Exercise data
((
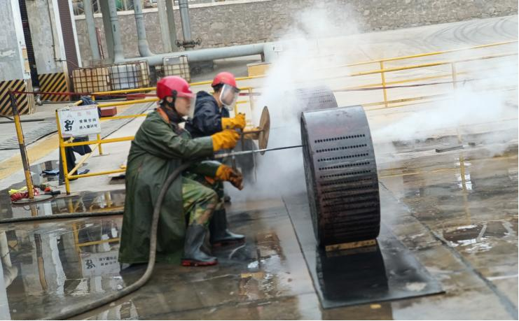 檢修已經(jīng)是第三天,接近尾聲,大家似乎已經(jīng)疲憊,但是行動(dòng)上未松懈。今日的氯化氫小廣場(chǎng)上格外熱鬧,7:20,班長(zhǎng)已經(jīng)開始準(zhǔn)備今日的檢修票證,為檢修項(xiàng)目做準(zhǔn)備。他的身影在朝陽(yáng)地映射下顯得那么著急,沒(méi)有一點(diǎn)怠慢的意思,今天我們班組檢修的項(xiàng)目是提濃塔再沸器石墨塊疏通工作,這項(xiàng)工作看起來(lái)簡(jiǎn)單,實(shí)際上是耐心地考驗(yàn)。一個(gè)個(gè)細(xì)小的石墨孔需要用蒸汽一個(gè)一個(gè)疏通,檢修開始之前還是和往常一樣,安全教育是少不了的,班長(zhǎng)一遍遍強(qiáng)調(diào)防護(hù)用品規(guī)范佩戴以及疏通過(guò)程中的安全注意事項(xiàng),在準(zhǔn)備工作結(jié)束后,今天的檢修工作開始了。
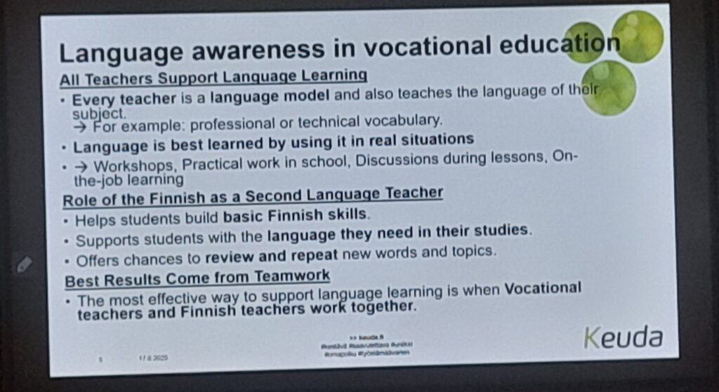 A key point of the session was the presentation of accessible teaching materials made available by the Finnish Ministry of Education. These include structured language modules, visual aids, and interactive tools tailored to different professional fields. The aim is to ensure that immigrants have practical resources to support their Finnish language learning from the very beginning.
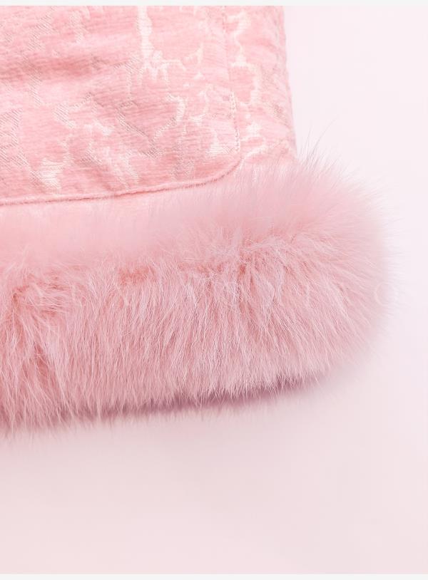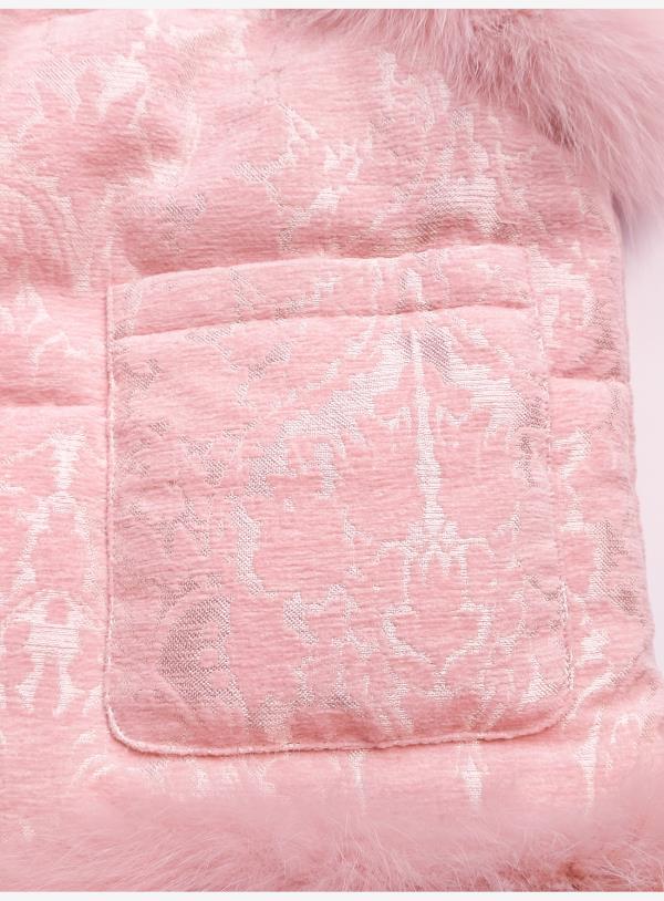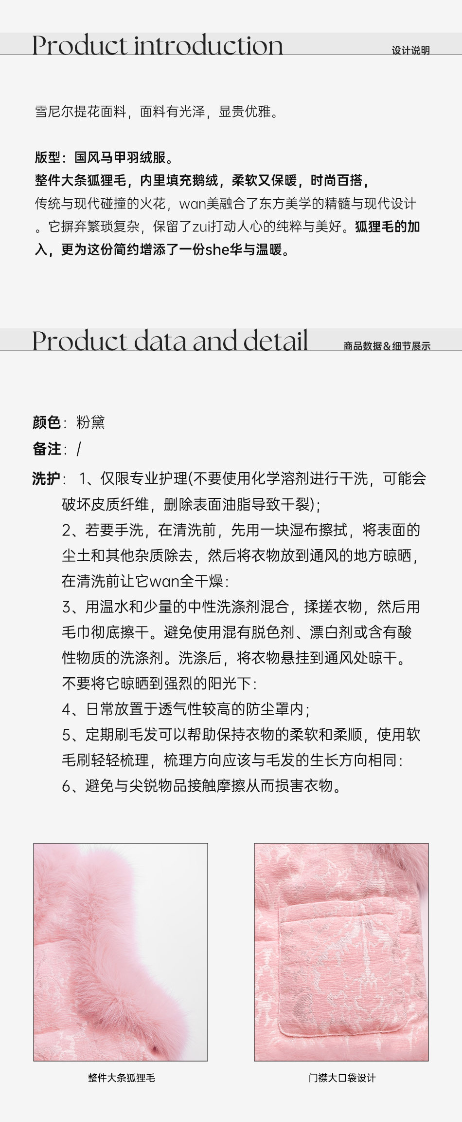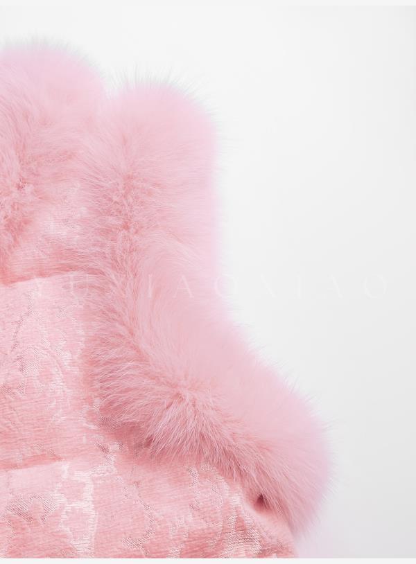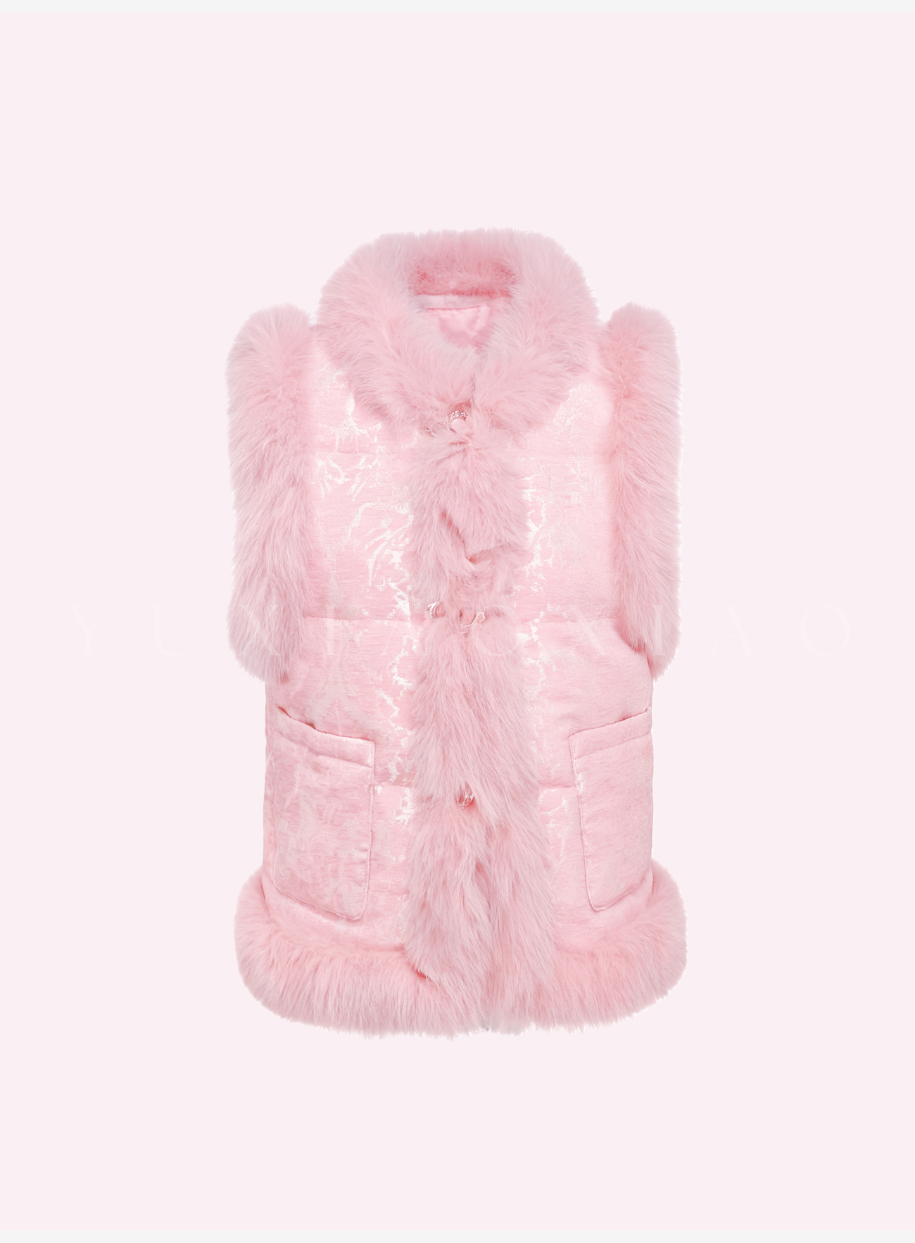 余潇潇【粉黛初冬】90鹅绒雪尼尔提花狐狸毛拼接国风马甲羽绒服
))
Task brief
Will you repeat the material above, but only from the line containing "A key point" through its last line, exactly and without the pictures?

Response area
 A key point of the session was the presentation of accessible teaching materials made available by the Finnish Ministry of Education. These include structured language modules, visual aids, and interactive tools tailored to different professional fields. The aim is to ensure that immigrants have practical resources to support their Finnish language learning from the very beginning.
 余潇潇【粉黛初冬】90鹅绒雪尼尔提花狐狸毛拼接国风马甲羽绒服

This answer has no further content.